**What this task involves**
Using the entries that follow, transcribe only the lines from the line with "(Lovito Refine) Vestido" to the line with "Coloca los dedos", both included, exactly as they stand and without pictures.

(Data for analysis)

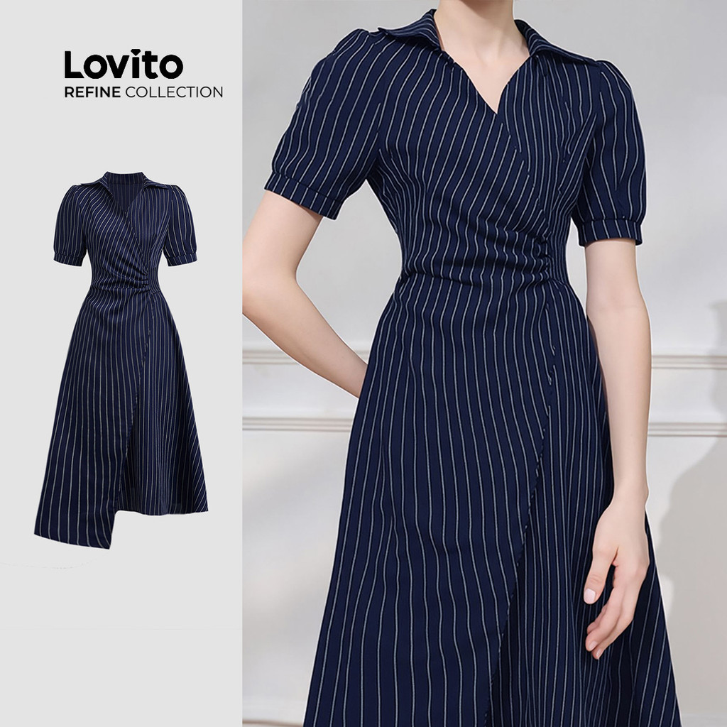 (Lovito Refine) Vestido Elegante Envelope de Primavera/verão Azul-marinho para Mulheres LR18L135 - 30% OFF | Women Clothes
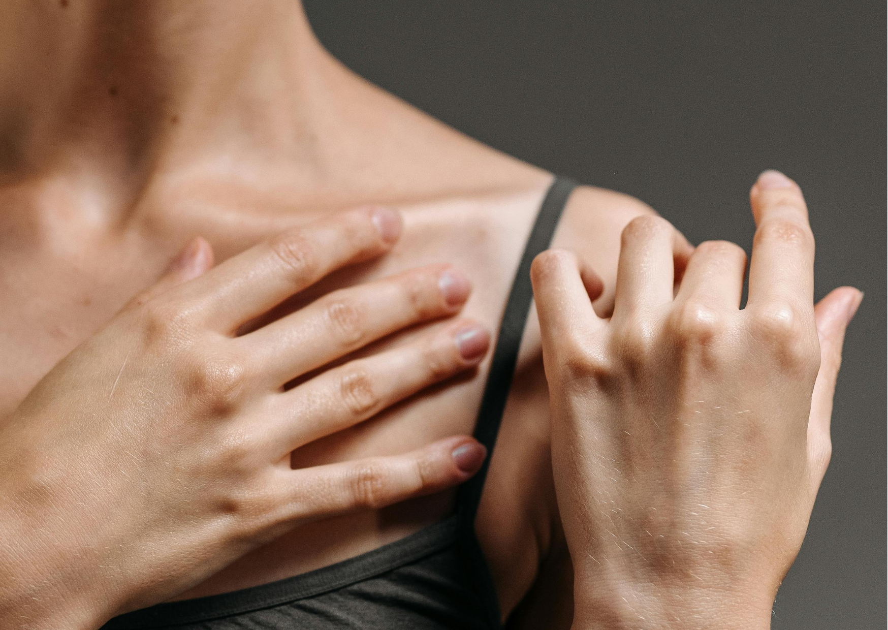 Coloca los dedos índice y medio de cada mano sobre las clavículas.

(End Data for analysis)
(Data for analysis)

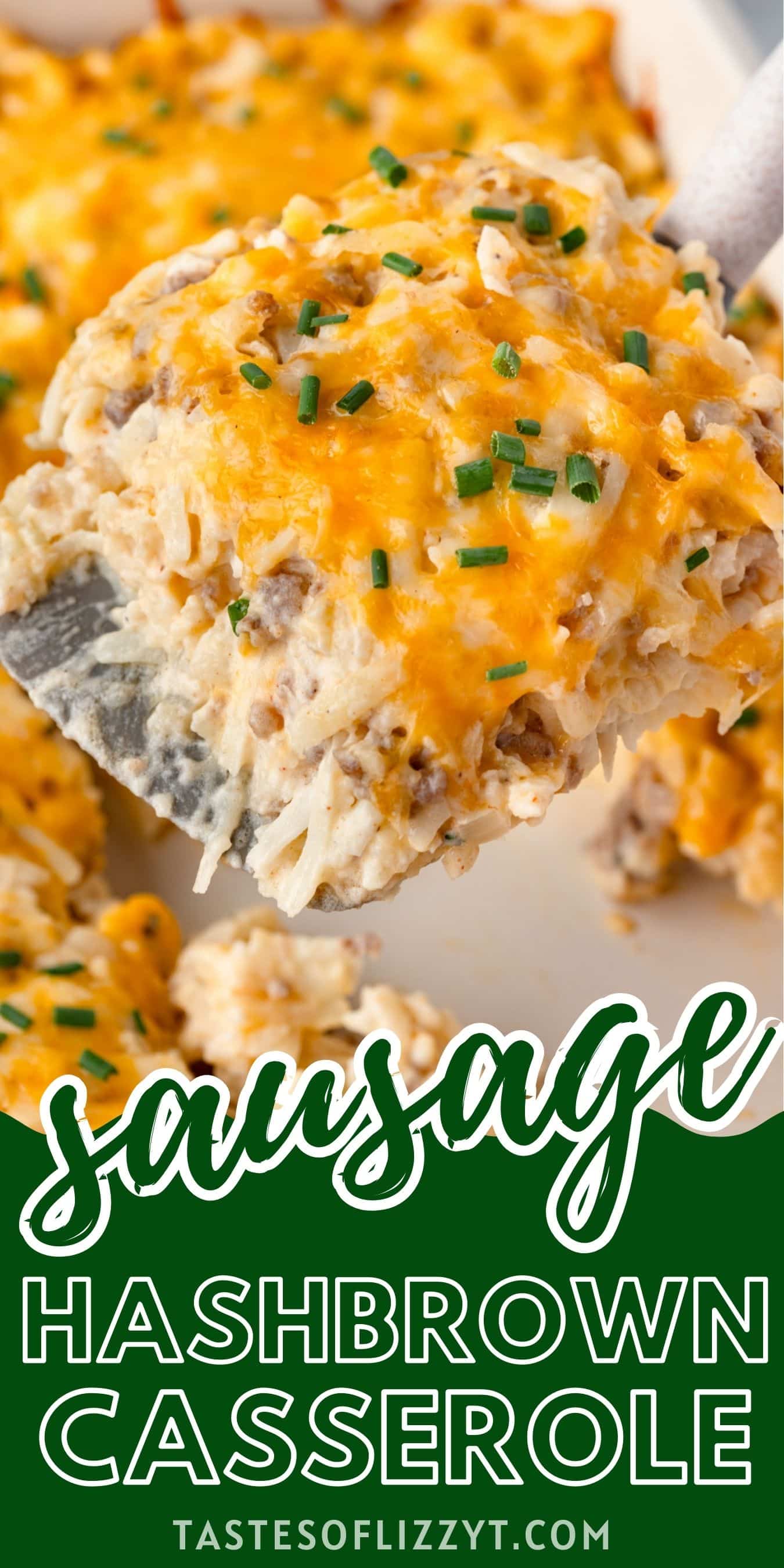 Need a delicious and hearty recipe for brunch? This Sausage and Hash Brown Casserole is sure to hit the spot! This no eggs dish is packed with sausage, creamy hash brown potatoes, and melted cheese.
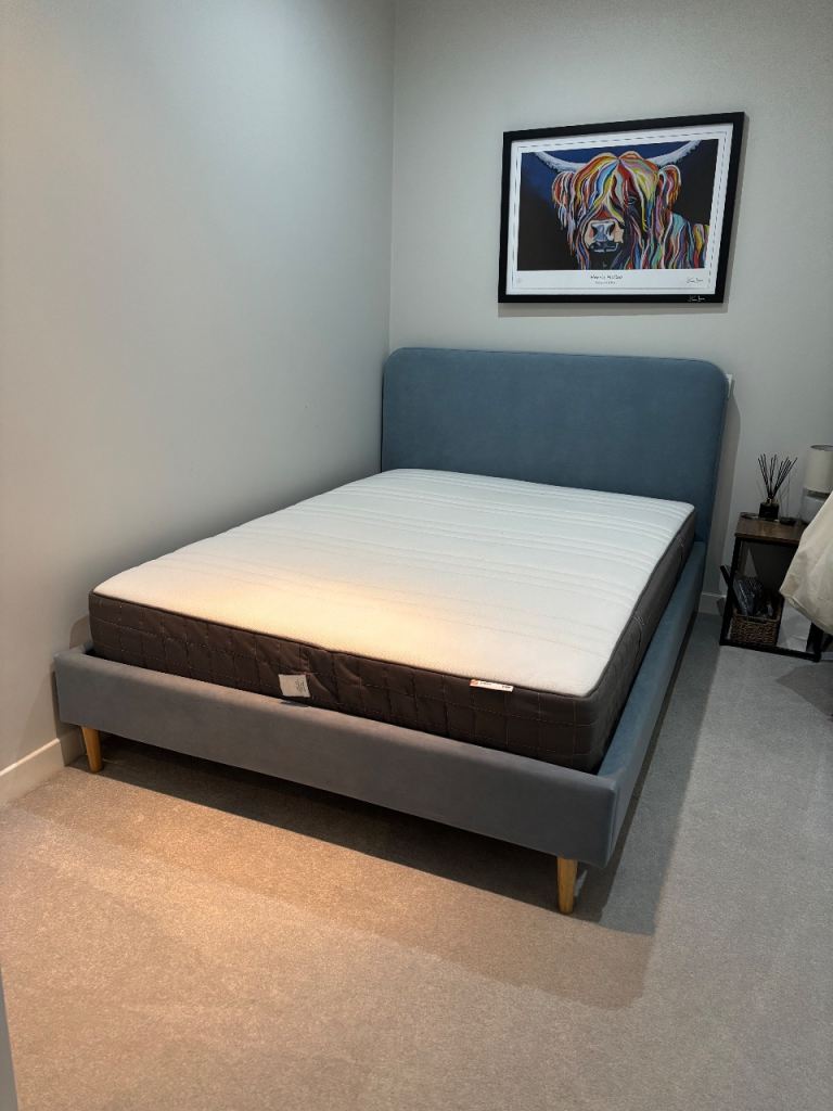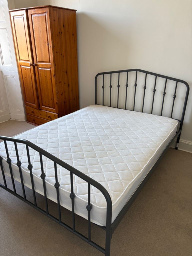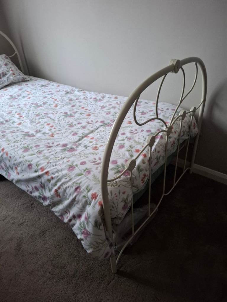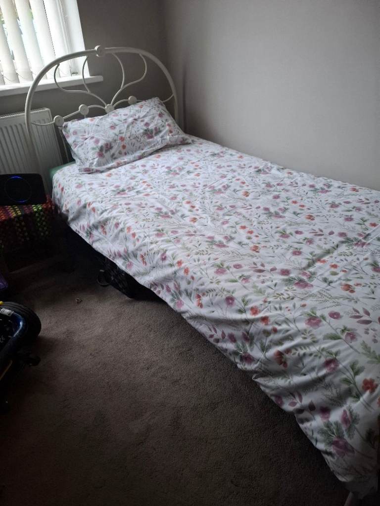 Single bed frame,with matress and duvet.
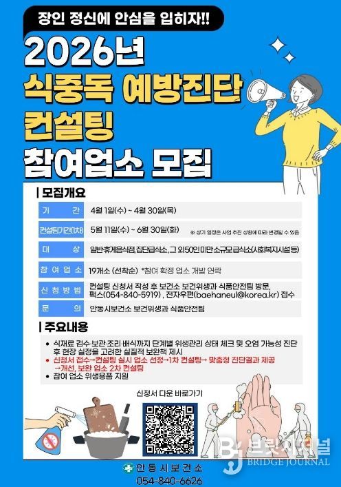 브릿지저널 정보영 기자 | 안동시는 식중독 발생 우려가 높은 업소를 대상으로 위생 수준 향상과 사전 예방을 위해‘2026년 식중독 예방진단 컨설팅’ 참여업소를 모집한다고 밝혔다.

(End Data for analysis)
(Data for analysis)

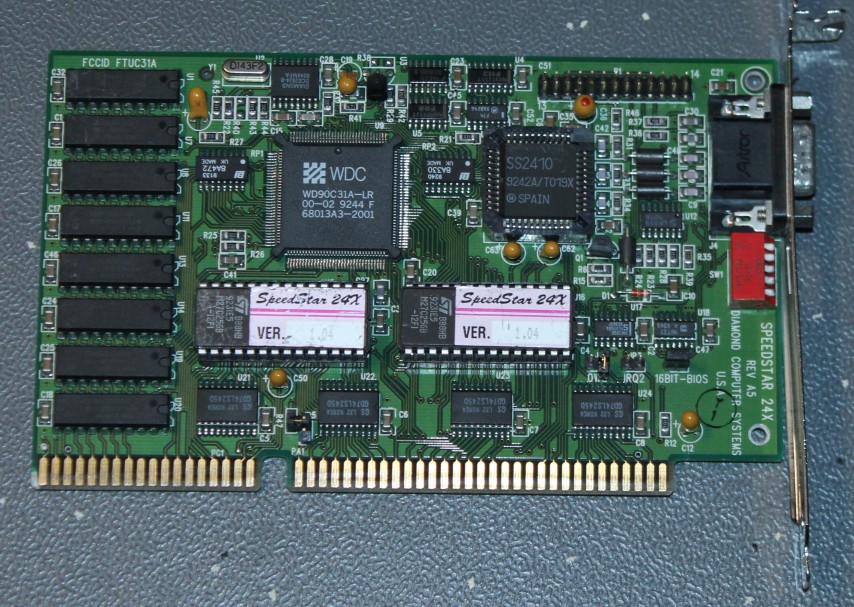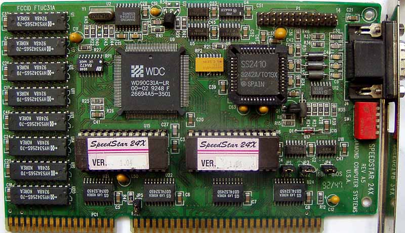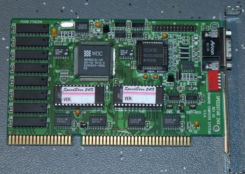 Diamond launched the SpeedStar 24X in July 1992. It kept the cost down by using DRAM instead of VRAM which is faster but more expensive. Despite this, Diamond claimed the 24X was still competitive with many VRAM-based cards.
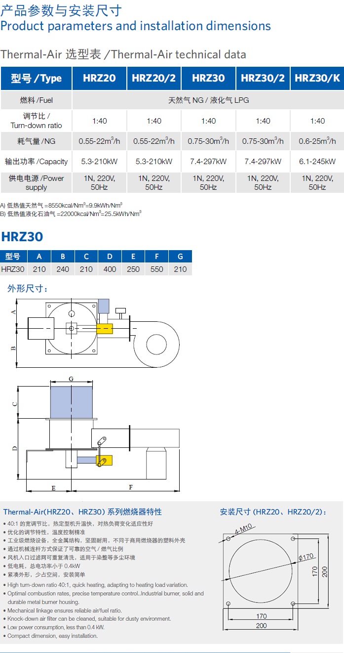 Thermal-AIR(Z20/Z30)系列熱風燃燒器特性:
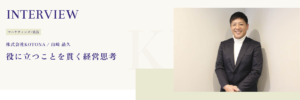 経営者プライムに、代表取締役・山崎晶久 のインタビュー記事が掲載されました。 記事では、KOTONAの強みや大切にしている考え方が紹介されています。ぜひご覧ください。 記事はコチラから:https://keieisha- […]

(End Data for analysis)

**Final answer**
 (Lovito Refine) Vestido Elegante Envelope de Primavera/verão Azul-marinho para Mulheres LR18L135 - 30% OFF | Women Clothes
 Coloca los dedos índice y medio de cada mano sobre las clavículas.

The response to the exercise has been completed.